What we don’t see: Her feelings and motivations. She seems capable of only rage and horniness.

Now, there are things about this film that are enjoyable. The soundtrack holds up spectacularly (Flashdance was nominated for several Oscars that year, including for best film editing and best cinematography, but it only won one award: for best original song). And it’s still truly a pleasure to watch Beals’ dancing.

And Alex isn’t without her admirable qualities. She doesn’t suffer fools and has no problem telling men exactly what she thinks of them (like responding to a guy hitting on her by citing the size of the smallest penis ever documented) or fighting back against men who she thinks have wronged her. And her moves are sexy, though it’s telling that what she’s best remembered for is a simple, meaningless, seductive gesture.

I remembered these seductive qualities from when I first saw this movie in my mid teens. I recall thinking they were bold and enviable expressions of sexuality that I couldn’t fathom ever doing myself. So I was excited to watch the movie again to see how they look to me now that I’m 30.

But the film fails because its heroine is, ultimately, so empty. We don’t know why she does anything, what compels her to weld or to dance, who she wants to be. She is the heart of the film’s loose plot, but she’s just a shell of physicality and action. There are ample opportunities for women to talk—backstage at the club, when Alex and her sister Jeannie go ice skating, when Alex visits her elderly mentor, Hanna—but they mostly talk about men, or don’t talk at all. The film only barely passes the Bechdel test.
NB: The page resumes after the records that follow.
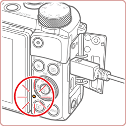 - Charging stops and the indicator goes off if, after you begin charging as described above, you press the power button to turn the camera off.
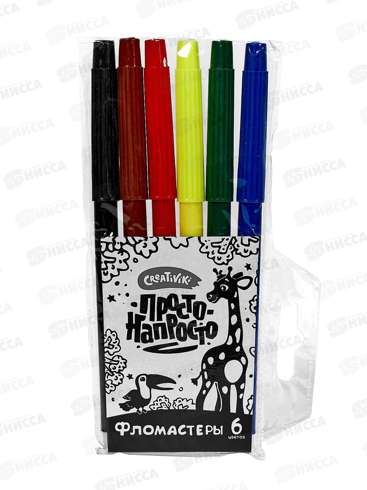 Фломастеры 6 цветов Creativiki ПРОСТО круглый корпус ФЛНВК06КР СРОК до 10,25*48
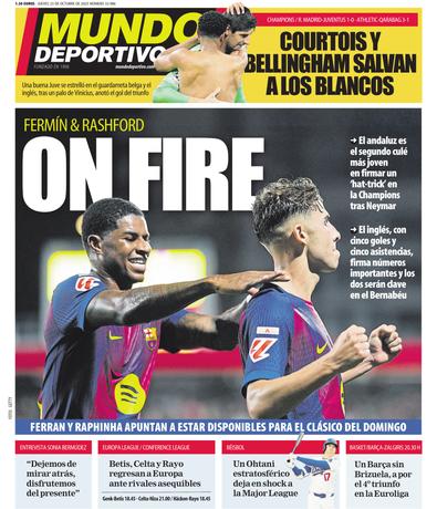 Fermín viene de golear con un ‘hat-trick’ al Olympiacos en la Champions y su titularidad en el Clásico en el Santiago Bernabéu se da por segura. Su confianza es hoy superlativa, como también la del...

Perhaps we shouldn’t be surprised; Alex was never a great character. When the film was first released, critic Roger Ebert wrote: “This poor kid is so busy performing the pieces of business supplied to her by the manic screenwriters that she never gets a chance to develop a character.”

So why do we remember it differently? It may be because Alex was one of the first examples of strong, sexy female characters that began to pop up around the time when Flashdance came out. That might have distinguished her then, but it doesn’t stand up over time.
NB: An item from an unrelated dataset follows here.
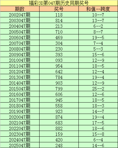 2025047期开奖号码:248

In the late 70s, many movies offered women roles as sex objects in need of saving—Carrie Fisher in Star Wars, Olivia Newton-John in Grease—or mothers/wives, like Meryl Streep in Sophie’s Choice, for which she won an Oscar in 1983. Starting in the early 80s, though, there was a proliferation of a new kind of female character, one who is feminine yet powerful. Think Sigourney Weaver’s Ripley in Alien. Most of these characters were limited to action movies, however. Flashdance’s Alex was a new brand of 80s girl, one who lived in the space of a rom-com but was strong and fiercely independent while still embracing her sexuality on her own terms.

To some less woke than Roger Ebert, Alex might have looked like this new strong female type, especially since other leading ladies at the time were even more flat, conventional, and oriented around men. But rewatching the movie in 2019, I find that Alex has more in common with the sex kittens and sexless moms because she is not a person who exists for herself. She’s a male fantasy embodied, there to be ogled while she works out, to stand up for herself and be hard-to-get only in a way that makes her sexier.
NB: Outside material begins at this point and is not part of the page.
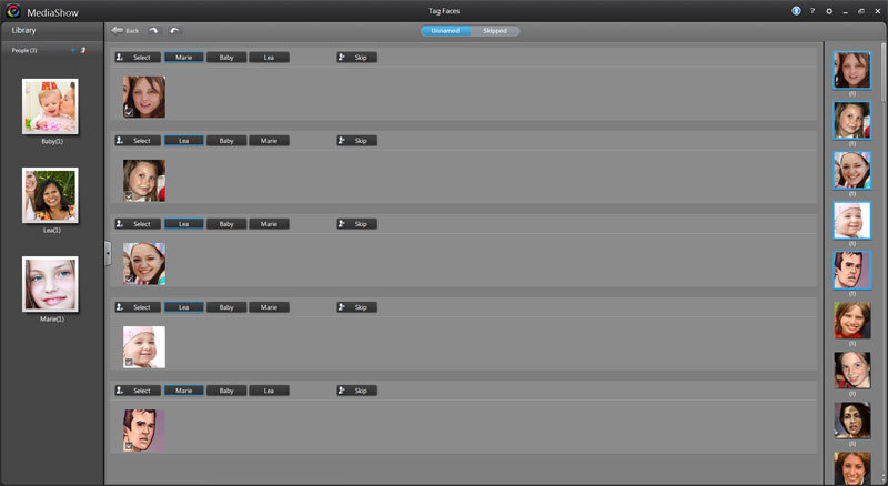 La technologie FaceMeTM de MediaShow identifie et regroupe automatiquement les visages de toutes vos photos afin que vous puissiez tagger votre entière collection plus rapidement et plus intelligemment.

This is, no doubt, because of how Alex is written. Screenwriter Joe Eszterhas co-wrote Flashdance, along with several other films depicting sexy, ambitious women, such as Basic Instinct and Showgirls. Eszterhas notoriously excels at writing strong, sinister women. He just has no idea what makes them tick.

It’s hard to think that this would have happened if Flashdance were written by a woman. It’s not hard to picture what the film would be like if it got a 2019 revamp, a la Ghostbusters and Ocean’s 11—we’d get many more montages and complex storylines that give Alex depth of character and inner life, as well as for the women around her. And many fewer shots of her bikini line.